That was what Hecrux had said, once. Why wouldn’t he still mean it?
The homunculus reemerged from another of the open sarcophagi, a row closer to her and to the left.
Hit! Ravaging Homunculus - 6 Slashing
Graverra lashed out on reflex. There was no way she could take this thing by herself. She wasn’t even doing whole damage, but of course the homunculus would be resistant to necrotic damage. Graverra grumbled to herself as she weighed her options; she couldn’t summon back the door for herself, Hecrux wasn’t answering her, but this was what he wanted after all… Graverra had to dodge-roll again before finishing her list, further into the crypt.
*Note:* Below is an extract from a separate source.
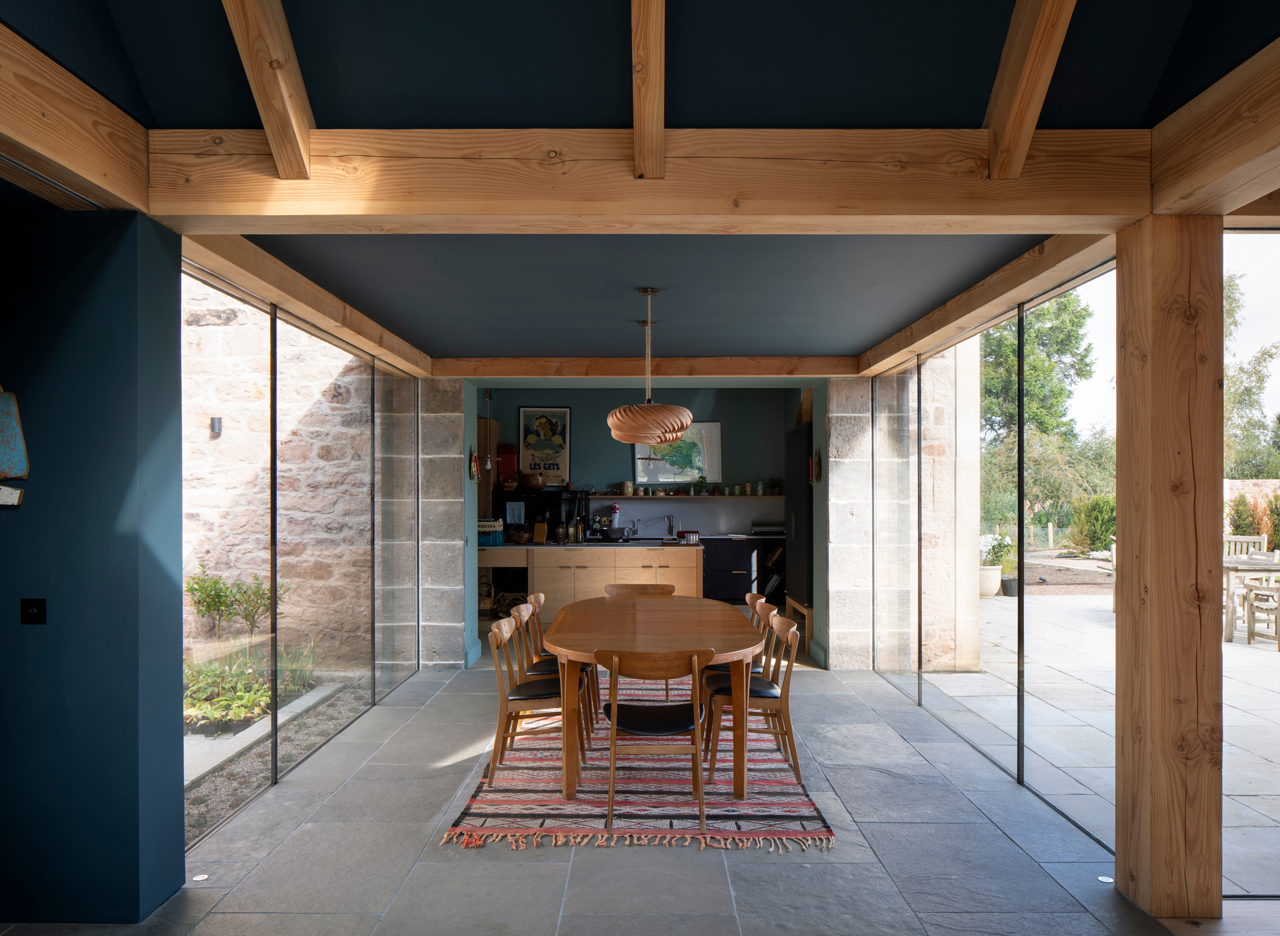 WT - The brief was not only to save the house, but to restore its spirit. Our design sought to create generous social spaces that foster a sense of living within the landscape. A new wing of living and dining areas extends from the Georgian core, framing a sheltered courtyard and opening to the gardens beyond. This strategy allowed the historic interiors to remain largely intact, while also providing the flexibility and functions that the original building could not.

Hit! Ravaging Homunculus - 6 Slashing
“You know,” She huffed after hopping back to her feet and taking another slash at the homunculus from its other side. “If I die, my mana goes with me anyway. You said that too!”
If she couldn’t manage her domain before, then summoning the homunculus’s stats now seemed completely out of the question. She hadn’t seen it before, but it couldn’t be so impossibly high… It was still her dungeon; they were the same level.
Graverra dodged a ham-fisted punch, only to be bowled over by the second.
Graverra Graeme, Bride of the Dungeon Core
350/400
Graverra took the opportunity to remain safe on the ground. Maybe if she just waited it out… She’d never tried that before, in any dungeon she’d been in before. But she’d thought about doing that when she’d first fallen in this one, and look where that had gotten her…
“If you kill me down here, Estremon will have been right about you!” Graverra rolled on her back to shout up at the ceiling. That had to still get to him. She hoped. And anyway, even if Estremon wanted them fighting, wouldn’t one of them killing the other spoil her fun? Or maybe that was only if Graverra managed to kill Hecrux…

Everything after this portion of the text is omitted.